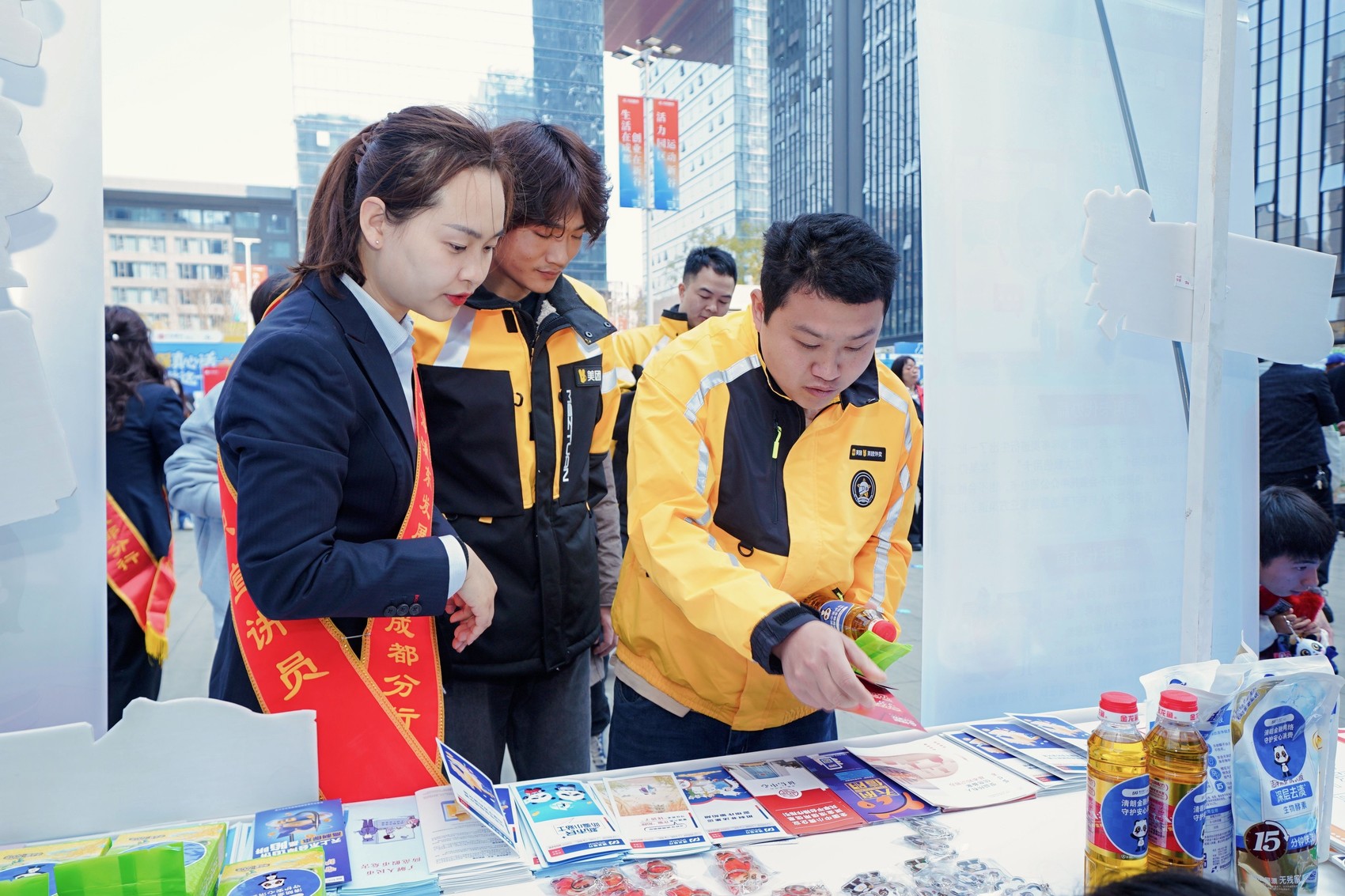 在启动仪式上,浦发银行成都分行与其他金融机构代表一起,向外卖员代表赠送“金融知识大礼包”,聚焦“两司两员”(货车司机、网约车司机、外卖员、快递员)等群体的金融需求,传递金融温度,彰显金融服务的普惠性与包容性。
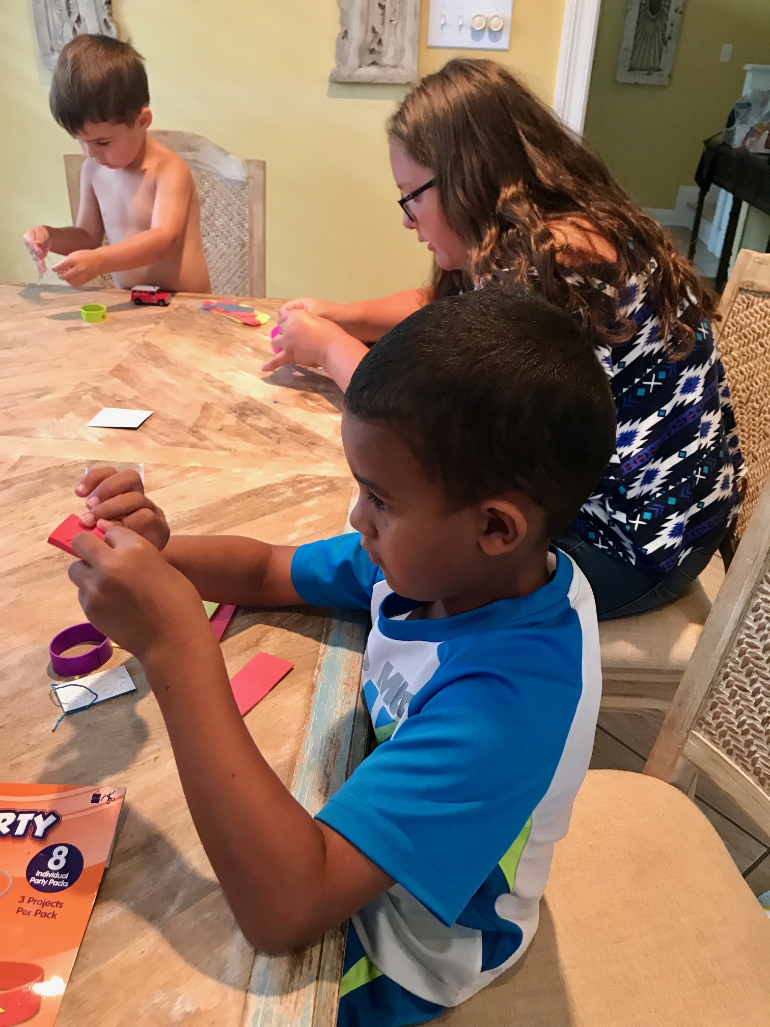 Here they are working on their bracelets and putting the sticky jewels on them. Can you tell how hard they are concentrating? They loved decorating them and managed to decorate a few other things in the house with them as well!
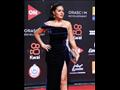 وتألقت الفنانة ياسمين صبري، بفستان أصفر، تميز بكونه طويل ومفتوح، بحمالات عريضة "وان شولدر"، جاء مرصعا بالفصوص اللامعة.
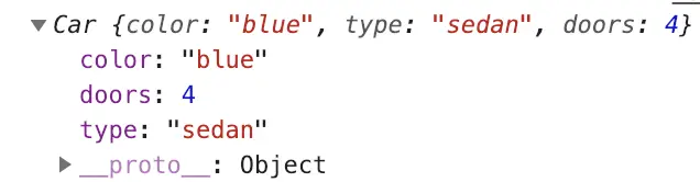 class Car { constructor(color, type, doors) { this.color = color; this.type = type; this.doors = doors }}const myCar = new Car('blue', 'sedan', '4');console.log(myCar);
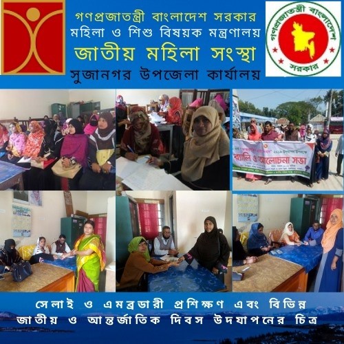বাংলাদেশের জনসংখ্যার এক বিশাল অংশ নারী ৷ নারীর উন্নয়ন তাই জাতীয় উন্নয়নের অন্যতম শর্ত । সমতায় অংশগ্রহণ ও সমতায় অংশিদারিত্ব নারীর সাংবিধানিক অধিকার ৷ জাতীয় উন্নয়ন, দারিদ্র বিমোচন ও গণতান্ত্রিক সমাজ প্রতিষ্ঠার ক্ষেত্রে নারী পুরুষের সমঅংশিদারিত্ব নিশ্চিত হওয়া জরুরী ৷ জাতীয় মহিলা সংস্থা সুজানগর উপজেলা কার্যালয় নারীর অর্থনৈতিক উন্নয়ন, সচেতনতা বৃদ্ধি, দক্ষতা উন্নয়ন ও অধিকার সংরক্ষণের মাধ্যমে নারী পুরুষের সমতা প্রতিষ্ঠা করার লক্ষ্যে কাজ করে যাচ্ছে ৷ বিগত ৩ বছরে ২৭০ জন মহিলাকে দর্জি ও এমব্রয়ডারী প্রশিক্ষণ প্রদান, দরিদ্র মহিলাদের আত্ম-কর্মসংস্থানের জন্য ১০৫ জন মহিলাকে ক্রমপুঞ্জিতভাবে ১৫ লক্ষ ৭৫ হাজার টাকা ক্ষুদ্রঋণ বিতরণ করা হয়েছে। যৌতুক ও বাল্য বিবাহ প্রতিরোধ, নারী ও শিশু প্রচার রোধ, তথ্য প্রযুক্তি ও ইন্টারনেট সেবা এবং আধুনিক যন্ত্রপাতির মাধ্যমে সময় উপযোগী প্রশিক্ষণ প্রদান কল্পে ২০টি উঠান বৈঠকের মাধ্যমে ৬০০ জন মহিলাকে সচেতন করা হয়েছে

——————————

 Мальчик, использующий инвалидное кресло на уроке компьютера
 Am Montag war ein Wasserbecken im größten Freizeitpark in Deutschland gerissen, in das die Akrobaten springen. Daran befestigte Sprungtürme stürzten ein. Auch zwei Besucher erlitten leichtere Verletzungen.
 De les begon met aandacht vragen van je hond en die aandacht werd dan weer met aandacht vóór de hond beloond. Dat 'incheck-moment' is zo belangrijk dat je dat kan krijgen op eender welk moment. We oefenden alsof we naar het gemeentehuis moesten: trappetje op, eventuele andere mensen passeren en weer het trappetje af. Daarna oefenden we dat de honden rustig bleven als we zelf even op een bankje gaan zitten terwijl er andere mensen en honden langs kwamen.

——————————

Exercise instructions.
Using the entries above, transcribe exactly from the line that has "Here they are" through the line that has "Car('blue', 'sedan', '4');console.log(myCar);". Pictures are dropped.

Exercise result.
 Here they are working on their bracelets and putting the sticky jewels on them. Can you tell how hard they are concentrating? They loved decorating them and managed to decorate a few other things in the house with them as well!
 وتألقت الفنانة ياسمين صبري، بفستان أصفر، تميز بكونه طويل ومفتوح، بحمالات عريضة "وان شولدر"، جاء مرصعا بالفصوص اللامعة.
 class Car { constructor(color, type, doors) { this.color = color; this.type = type; this.doors = doors }}const myCar = new Car('blue', 'sedan', '4');console.log(myCar);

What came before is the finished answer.